Le Procureur général du Québec s’opposait à cette demande d’ordonnance, faisant valoir que la loi avait été adoptée à l’unanimité et devait permettre aux élus de redéfinir les critères de délimitation des circonscriptions. Les préfets des MRC de la Gaspésie et des Îles-de-la-Madeleine étaient également rangés derrière le gouvernement dans ce dossier.
La décision de la juge Brault devait s’appuyer sur les trois mêmes critères que ceux requis pour l’émission d’une injonction interlocutoire, soit: qu’il y ait démonstration d’une question sérieuse; que sans sursis les demandeurs subissent un préjudice sérieux ou irréparable ou encore que le jugement sur le fond soit inefficace; et que la balance des inconvénients favorise les demandeurs.
«Un préjudice sérieux et irréparable»
La magistrate conclut qu’il s’agit bien d’une question sérieuse et «que l'existence d'un préjudice sérieux ou irréparable est établie».
«Le préjudice allégué par les demandeurs est lié au risque que la Commission ne soit pas en mesure de mener à terme ses travaux pour délimiter une nouvelle carte électorale et préparer les prochaines élections en fonction de cette nouvelle carte électorale.

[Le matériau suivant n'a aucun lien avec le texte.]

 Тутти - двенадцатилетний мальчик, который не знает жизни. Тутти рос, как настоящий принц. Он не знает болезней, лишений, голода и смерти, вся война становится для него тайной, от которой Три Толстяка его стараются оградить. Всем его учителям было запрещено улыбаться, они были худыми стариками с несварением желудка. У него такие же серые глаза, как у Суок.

C'est dans cette hypothèse que peuvent se matérialiser la dilution du vote des électeurs des circonscriptions en situation d'écart positif et leur sous-représentation pour la durée de la prochaine législature», écrit-elle.

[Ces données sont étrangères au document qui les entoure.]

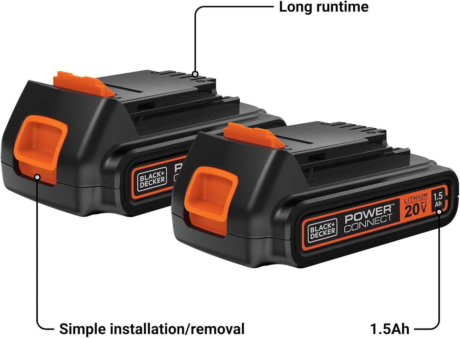 Go cordless with the BLACK+DECKER 20V MAX* POWERCONNECT range of easy-to-use products for in and around the home. The 20V MAX* POWERCONNECT BATTERY platform can be used across BLACK+DECKER 20V MAX* products to power your projects.** Choose from lightweight options of 1.5Ah to 2Ah or opt for 3Ah to 4Ah to get more runtime per charge (2Ah, 3Ah and 4Ah sold separately) Made with high quality lithium-ion cells, POWERCONNECT batteries deliver reliable power. Onboard electronics measure voltage and temperature to protect against overloading and extend the life of the battery. The durable housing helps provide impact protection. Whether the task is for home, garden, DIY, or yard maintenance, the 20V Black and Decker battery easily swaps from tool to tool to take on the task at hand.

Bien que les représentants de la Gaspésie et des Îles-de-la-Madeleine invoquent aussi un préjudice tout aussi irréparable qui plane au-dessus de la possibilité de perdre un siège, la juge Brault souligne que «ce préjudice n'est pas affecté par un éventuel sursis de la Loi».
La séparation du politique et du judiciaire
Quant à la balance des inconvénients, la juge Brault a dû regarder avec soin la notion d’intervention juridique dans les affaires politiques. «La notion d'intérêt public revêt toute son importance puisque la Loi est présumée avoir été adoptée dans un objectif d'intérêt public, écrit-elle. Cette présomption, qui doit à ce stade-ci être tenue pour acquise, fait en sorte que les tribunaux ne suspendront pas une loi adoptée par une législature sans en avoir fait un examen constitutionnel complet.»
Cependant, ajoute-t-elle, «l'existence d'une question sérieuse et d'un préjudice sérieux milite en faveur du sursis de la Loi, mais de façon limitée. (…) La Commission sera ainsi exemptée de l'application de la Loi mais uniquement aux fins de lui permettre de finaliser le second rapport dont la rédaction a été interrompue par l'adoption de celle-ci. Cette mesure préserve les droits des parties à l'égard du fond du litige et limite ce qui peut avoir des allures d'incursion dans le privilège parlementaire.»